▸ **Problem statement**
All lines of the following material must be written out exactly as they appear.

▸ **Information shown**
######

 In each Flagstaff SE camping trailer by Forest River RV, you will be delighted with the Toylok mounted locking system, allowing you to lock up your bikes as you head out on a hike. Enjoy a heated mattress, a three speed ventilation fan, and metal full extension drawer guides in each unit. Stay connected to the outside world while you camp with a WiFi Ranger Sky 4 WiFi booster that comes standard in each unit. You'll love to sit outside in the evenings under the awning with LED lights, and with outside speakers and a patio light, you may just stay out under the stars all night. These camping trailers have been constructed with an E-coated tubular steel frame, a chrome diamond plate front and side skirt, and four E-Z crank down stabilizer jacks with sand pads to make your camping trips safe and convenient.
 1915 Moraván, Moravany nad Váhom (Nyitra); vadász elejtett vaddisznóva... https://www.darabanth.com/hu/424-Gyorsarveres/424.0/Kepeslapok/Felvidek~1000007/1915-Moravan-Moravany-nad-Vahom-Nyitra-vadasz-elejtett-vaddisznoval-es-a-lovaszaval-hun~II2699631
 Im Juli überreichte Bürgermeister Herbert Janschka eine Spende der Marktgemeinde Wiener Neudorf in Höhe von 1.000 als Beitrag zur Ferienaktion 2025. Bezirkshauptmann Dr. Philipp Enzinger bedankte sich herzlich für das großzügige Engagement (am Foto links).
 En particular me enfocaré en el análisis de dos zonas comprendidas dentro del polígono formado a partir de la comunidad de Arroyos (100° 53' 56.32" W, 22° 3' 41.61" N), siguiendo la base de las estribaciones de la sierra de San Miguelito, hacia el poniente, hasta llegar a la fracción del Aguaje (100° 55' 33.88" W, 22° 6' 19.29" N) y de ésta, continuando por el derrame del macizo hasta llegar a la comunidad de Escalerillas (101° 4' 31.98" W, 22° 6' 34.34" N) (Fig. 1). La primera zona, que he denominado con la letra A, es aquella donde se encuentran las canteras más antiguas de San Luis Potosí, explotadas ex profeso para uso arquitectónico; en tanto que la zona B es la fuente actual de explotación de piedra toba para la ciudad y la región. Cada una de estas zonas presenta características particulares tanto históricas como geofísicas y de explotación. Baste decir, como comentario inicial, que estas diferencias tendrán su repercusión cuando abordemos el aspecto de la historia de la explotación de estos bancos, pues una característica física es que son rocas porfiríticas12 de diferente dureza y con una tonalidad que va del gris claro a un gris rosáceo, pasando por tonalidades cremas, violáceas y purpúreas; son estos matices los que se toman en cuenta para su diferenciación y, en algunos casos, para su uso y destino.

######

▸ **Task result**
 In each Flagstaff SE camping trailer by Forest River RV, you will be delighted with the Toylok mounted locking system, allowing you to lock up your bikes as you head out on a hike. Enjoy a heated mattress, a three speed ventilation fan, and metal full extension drawer guides in each unit. Stay connected to the outside world while you camp with a WiFi Ranger Sky 4 WiFi booster that comes standard in each unit. You'll love to sit outside in the evenings under the awning with LED lights, and with outside speakers and a patio light, you may just stay out under the stars all night. These camping trailers have been constructed with an E-coated tubular steel frame, a chrome diamond plate front and side skirt, and four E-Z crank down stabilizer jacks with sand pads to make your camping trips safe and convenient.
 1915 Moraván, Moravany nad Váhom (Nyitra); vadász elejtett vaddisznóva... https://www.darabanth.com/hu/424-Gyorsarveres/424.0/Kepeslapok/Felvidek~1000007/1915-Moravan-Moravany-nad-Vahom-Nyitra-vadasz-elejtett-vaddisznoval-es-a-lovaszaval-hun~II2699631
 Im Juli überreichte Bürgermeister Herbert Janschka eine Spende der Marktgemeinde Wiener Neudorf in Höhe von 1.000 als Beitrag zur Ferienaktion 2025. Bezirkshauptmann Dr. Philipp Enzinger bedankte sich herzlich für das großzügige Engagement (am Foto links).
 En particular me enfocaré en el análisis de dos zonas comprendidas dentro del polígono formado a partir de la comunidad de Arroyos (100° 53' 56.32" W, 22° 3' 41.61" N), siguiendo la base de las estribaciones de la sierra de San Miguelito, hacia el poniente, hasta llegar a la fracción del Aguaje (100° 55' 33.88" W, 22° 6' 19.29" N) y de ésta, continuando por el derrame del macizo hasta llegar a la comunidad de Escalerillas (101° 4' 31.98" W, 22° 6' 34.34" N) (Fig. 1). La primera zona, que he denominado con la letra A, es aquella donde se encuentran las canteras más antiguas de San Luis Potosí, explotadas ex profeso para uso arquitectónico; en tanto que la zona B es la fuente actual de explotación de piedra toba para la ciudad y la región. Cada una de estas zonas presenta características particulares tanto históricas como geofísicas y de explotación. Baste decir, como comentario inicial, que estas diferencias tendrán su repercusión cuando abordemos el aspecto de la historia de la explotación de estos bancos, pues una característica física es que son rocas porfiríticas12 de diferente dureza y con una tonalidad que va del gris claro a un gris rosáceo, pasando por tonalidades cremas, violáceas y purpúreas; son estos matices los que se toman en cuenta para su diferenciación y, en algunos casos, para su uso y destino.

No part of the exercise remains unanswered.